DeepSWE: A Benchmark for Long-Horizon Coding Agents

whackur
Ai
June 30, 2026

Table of Contents

SWE-bench has been the default coding-agent leaderboard for a while, but it has well-known weaknesses. Most tasks come from existing public issues and PR patches, so a high score might partly reflect memorization. Most tasks are also single-file bug fixes, which is not representative of the multi-file, long-horizon work that a coding agent does in practice.

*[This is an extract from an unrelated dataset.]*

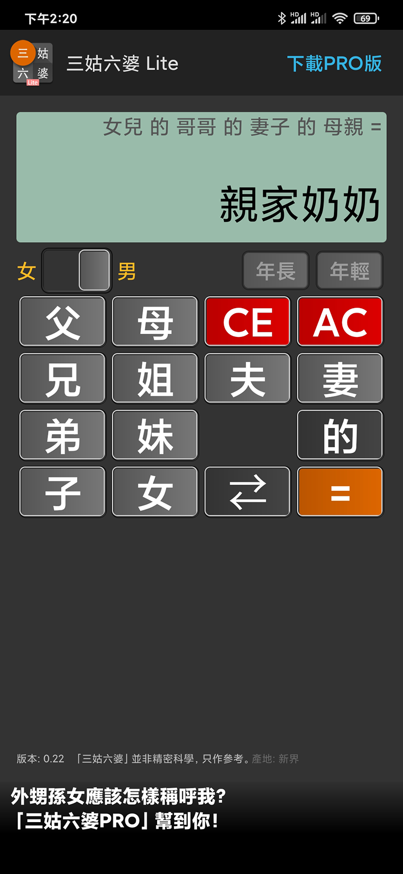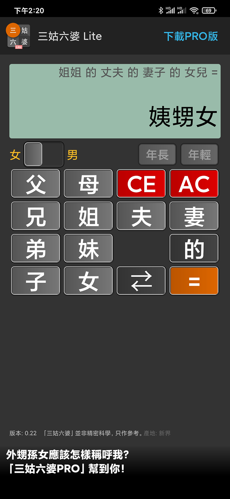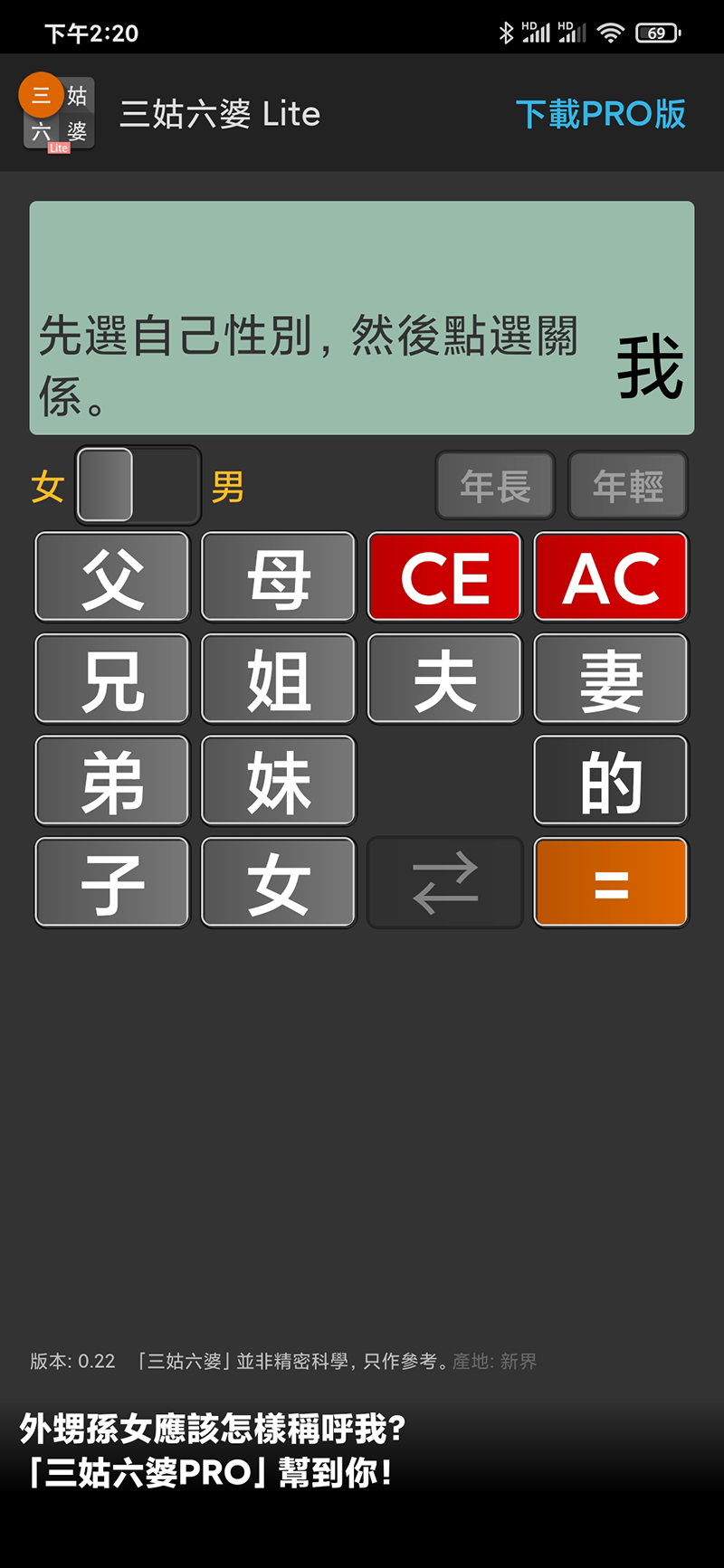 使用起来和计算器类似,选择你的性别,然后选择父母子女妻子等关系+的关系,再点等于,就可以得出结果了。

DeepSWE from DataCurve AI tries a different approach. Tasks and reference solutions are written from scratch, scoring is behavior-based rather than patch-matching, and all leaderboard runs use a fixed agent harness so model comparisons stay consistent. Despite the name, DeepSWE is not a model or training recipe: per the official README and site, it is a benchmark and leaderboard.

Task composition

DeepSWE has 113 tasks across five languages: TypeScript (35), Go (34), Python (34), JavaScript (5), Rust (5). The official site lists 91 source repositories. Most tasks (106 of 113) are classified as feature requests rather than bug fixes. That is a meaningful difference from SWE-bench Verified, which skews toward bug fixes.

Harbor task format

Each task follows the Harbor framework layout:

task.toml         Metadata: repo URL, base commit, language, image, limits
instruction.md    The prompt the agent receives
pre_artifacts.sh  Extracts the agent's commits as a patch
environment/      Dockerfile for the prebuilt environment
tests/            Verifier entry point, held-out tests, grading config
solution/         Reference solution, hidden from the agent

Every task has a 5,400-second (90-minute) agent timeout. Internet access is blocked (allow_internet = false).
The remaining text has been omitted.